_What is needed_. Type out the lines below exactly, from the first through the line holding "192 Pieces Short", and include no pictures.

-------- Task input

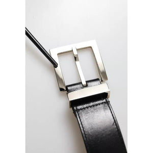 حزام دولتشي آند غابانا من الجلد الأسود باللون البيج مع مشبك معدني فضي
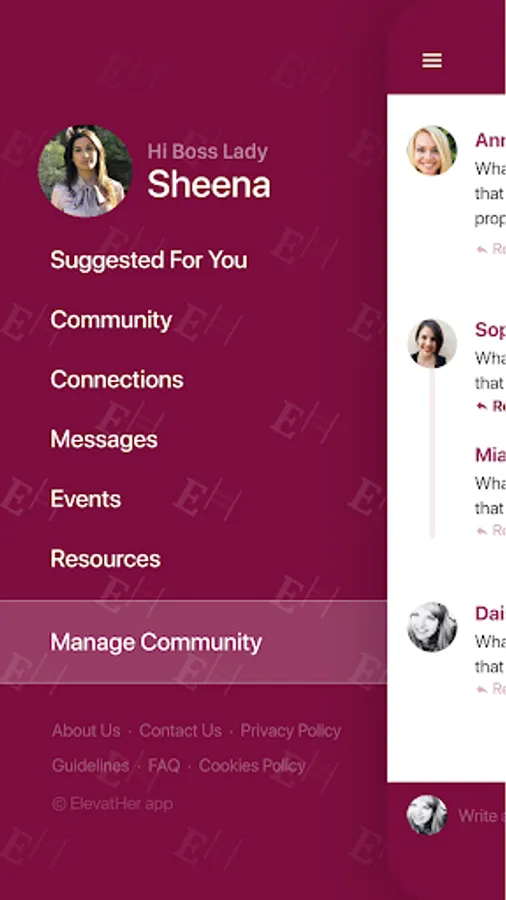 Empowered Women, Empower Women! We present ElevatHer, an individually tailored networking app uniting members through four key criteria: events, career, proximity and hobbies. ElevatHer is an app for women by women to build on a network based on professional skills and knowledge. Building connections is the first step in climbing the career ladder, so help us help you in taking that first step! The app is designed to be a hub where members can regroup and reinvest in themselves at all stages of their career.
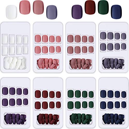 192 Pieces Short Matte Press on Nail Acrylic Short Square Glue on Nails Colorful False Nails Full Cover Coffin Artificial Fake Nail for Women and Girls 8 Boxes (Multicolor)
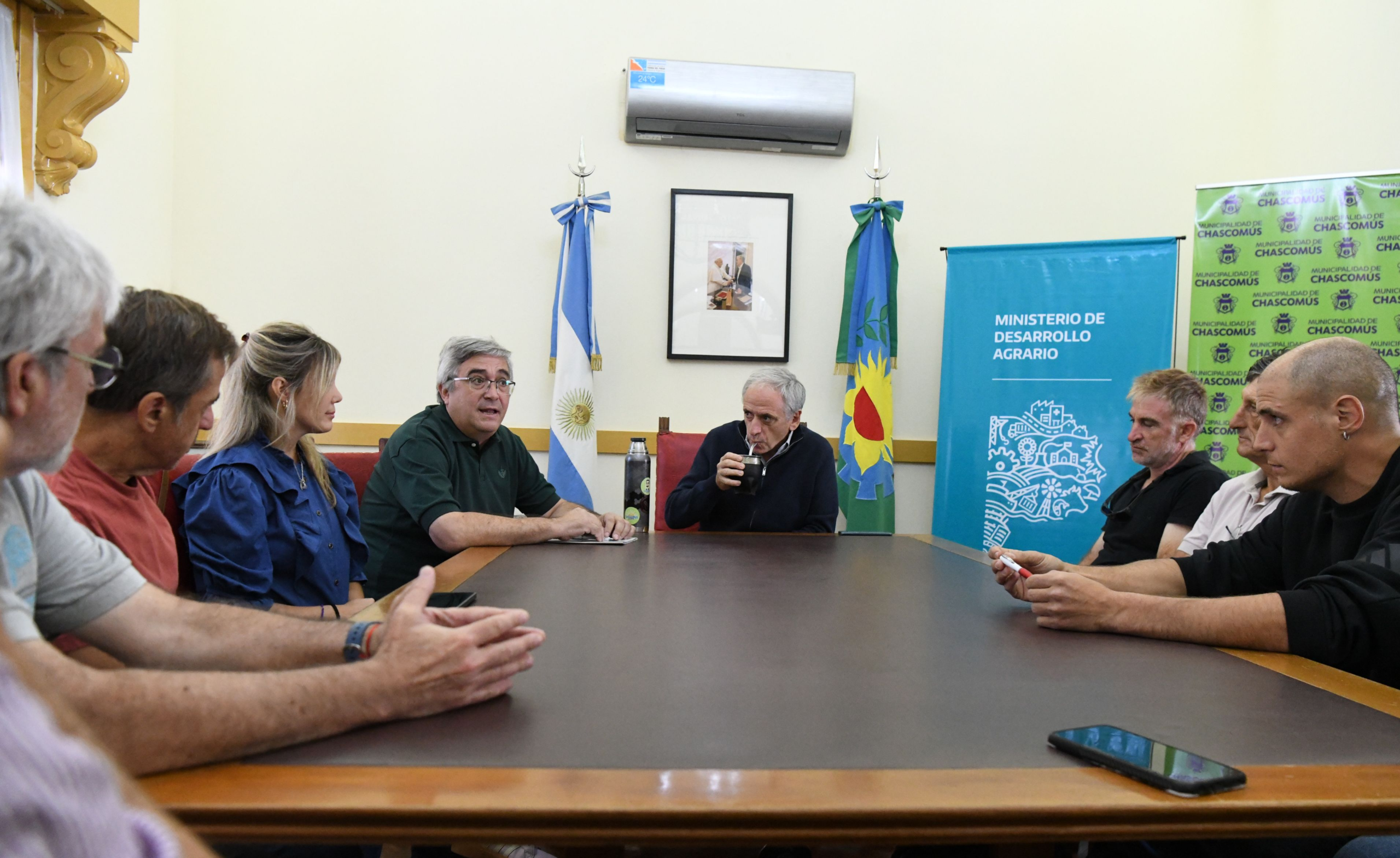 El ministro de Desarrollo Agrario de la provincia de Buenos Aires, Javier Rodríguez, presentó en Chascomús los lineamientos sobre el Plan Director de Caminos Rurales junto al intendente Javier Gastón, en un encuentro del que también participaron el presidente de la Asociación Rural local, Germán Pieroni, y productores del distrito.
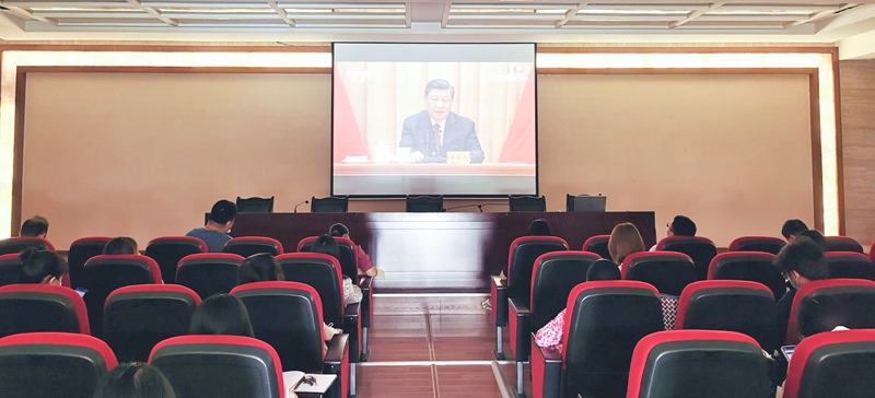5月10日上午,庆祝中国共产主义青年团成立100周年大会在北京人民大会堂隆重举行,中共中央总书记、国家主席、中央军委主席习近平出席大会并发表重要讲话。学校党委部门、共青团系统、学工系统师生代表在学术报告厅观看直播,各二级学院以团支部、班级等为单位组织青年学子通过多种渠道关注大会实况。
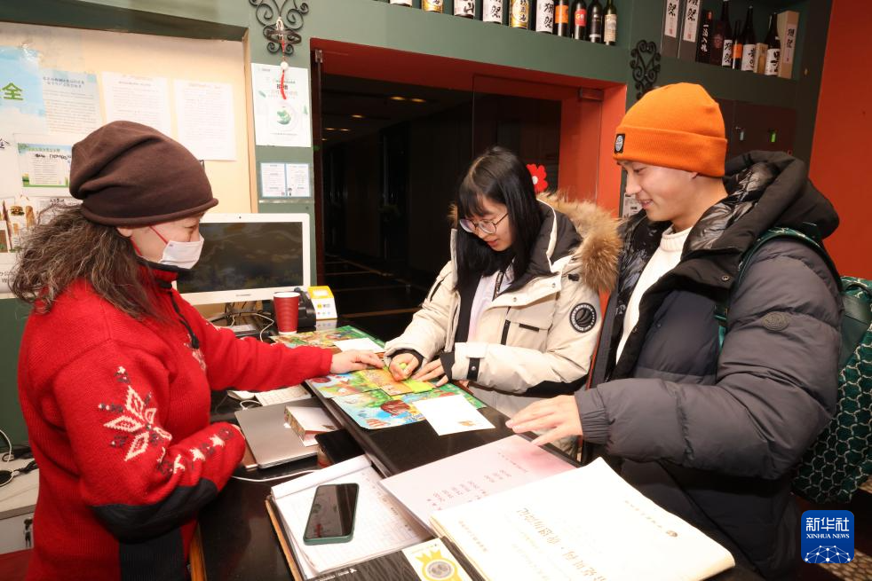 2023年12月24日,餐厅创建人于爽(左)在指导就餐者读写盲文。
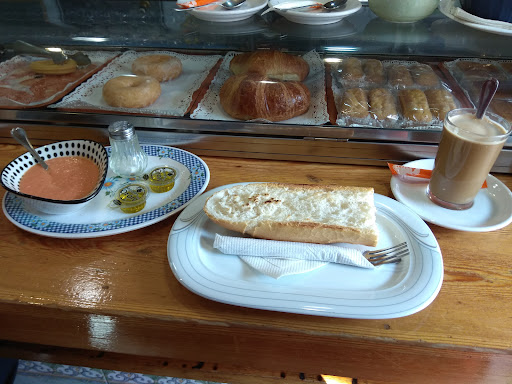 Read moreI’m sitting here on a Saturday morning. It’s a small and old cafe-bar, in front of the church with outdoor sitting. They run out of churros but they made me fresh toasted bread with tomato. The waiter looks serious, not joking around, quite...

----------------

_Answer to the exercise_.
 حزام دولتشي آند غابانا من الجلد الأسود باللون البيج مع مشبك معدني فضي
 Empowered Women, Empower Women! We present ElevatHer, an individually tailored networking app uniting members through four key criteria: events, career, proximity and hobbies. ElevatHer is an app for women by women to build on a network based on professional skills and knowledge. Building connections is the first step in climbing the career ladder, so help us help you in taking that first step! The app is designed to be a hub where members can regroup and reinvest in themselves at all stages of their career.
 192 Pieces Short Matte Press on Nail Acrylic Short Square Glue on Nails Colorful False Nails Full Cover Coffin Artificial Fake Nail for Women and Girls 8 Boxes (Multicolor)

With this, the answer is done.